Global distribution and epidemiological relevance of NDM, KPC, VIM, IMP AND OXA-48-like Carbapenemases
DOI:
https://doi.org/10.23854/07199562.2025611.sanchezKeywords:
Carbapenemases, antimicrobialresistance, multidrug-resistant bacteria, epidemiologicalsurveillanceAbstract
Carbapenemase-mediated resistance, driven by enzymes that inactivate last resort carbapenem antibiotics, has emerged as a critical global health threat. To delineate its true scope, we conducted an exhaustive review of the past five years’ literature, focusing on the five principal carbapenemases (KPC, NDM, VIM, IMP, and OXA-48-like) in human clinical isolates. All relevant studies were synthesized into a unified database, which served as the basis for generating individual world maps for each enzyme and a composite map illustrating their co-occurrence.

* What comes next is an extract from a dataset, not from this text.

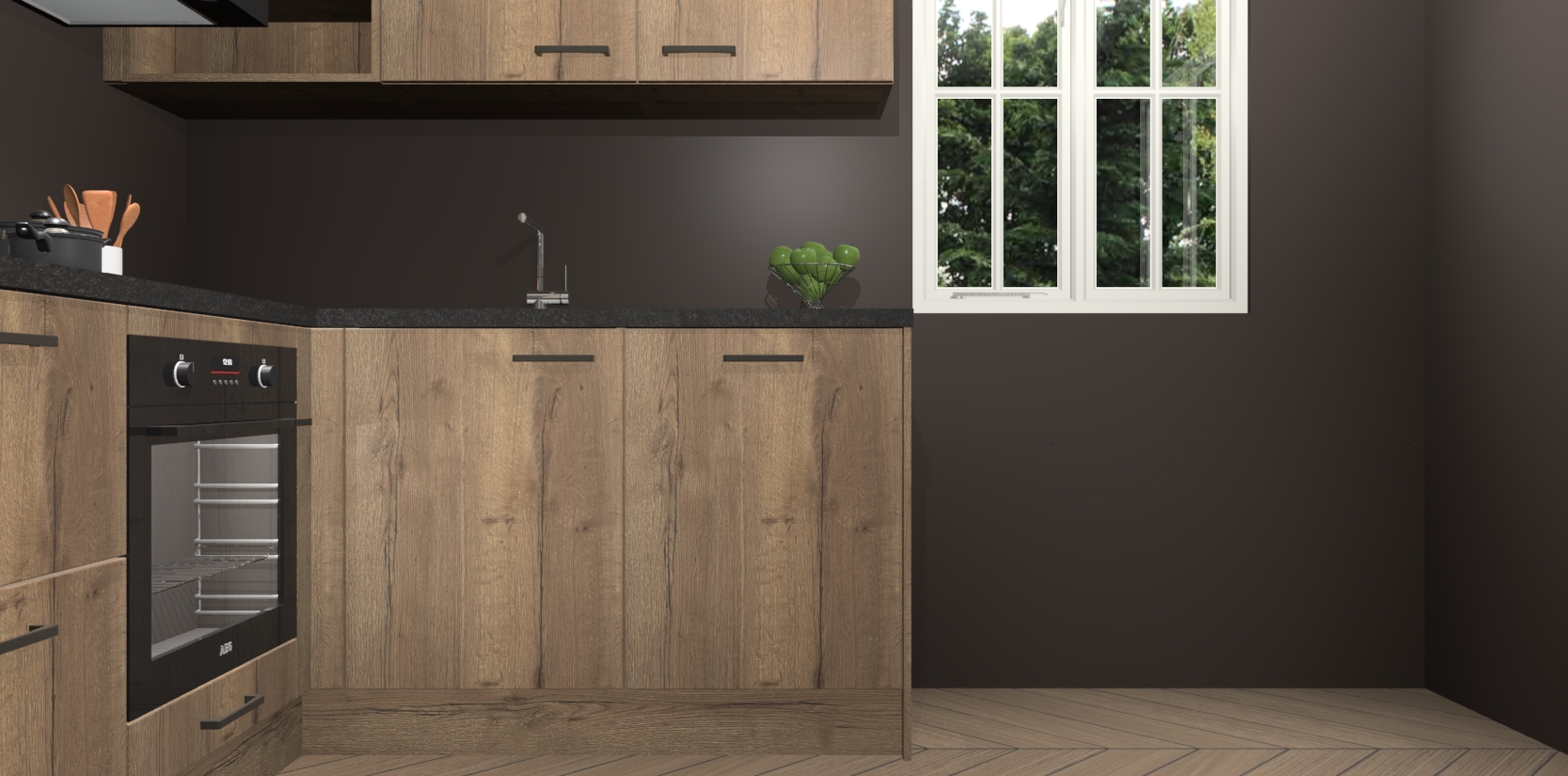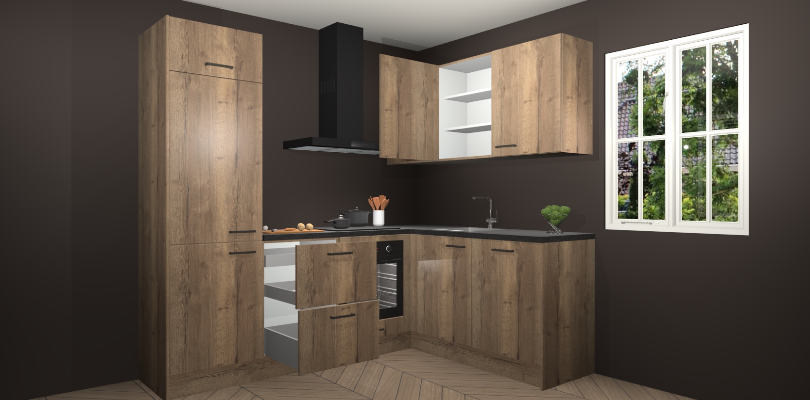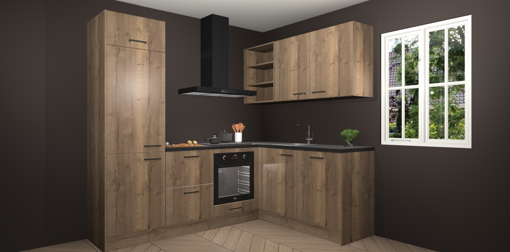 Bestellen was nog nooit zo makkelijk en we leveren met slechts 7 weken; zodra de keuken arriveert staan de kasten voor gemonteerd klaar om er alles aan te doen dat u hem gemakkelijk zelf kunt installeren! Eén ding is zeker: met de Chocolade Eiken keuken Krakau slaagt u erin modischer, modernere keukens uit te rusten die tientallen jaren meegaan! Haal snel uw Chocolade Eiken keuken Krakau - of u nu net begint of al 'levenservaring' hebt in de keukendroomloopbaan - want dit topmodel van onze collectie wilt u absoluut niet missen.

These visual tools illuminate the uneven yet interconnected nature of carbapenemase dissemination, underscoring the value of spatially resolved data in combating antimicrobial resistance. Our findings reveal distinct regional patterns: KPC dominates much of the Americas and Western Europe; NDM is most burdensome in the Indian subcontinent and North Africa; VIM remains concentrated in Southern Europe; IMP is endemic in Japan and parts of China; and OXA-48-like enzymes prevail around the Mediterranean and in the Middle East. These disparities reflect local genetic transfer dynamics, via plasmids, integrons, and other mobile elements, as well as variations in antibiotic use practices and surveillance capacity. Accurate, up-to-date distribution maps are therefore indispensable for tailoring surveillance strategies, optimizing antimicrobial stewardship, and directing research funding, all of which are vital for slowing the spread of these formidable resistance determinants.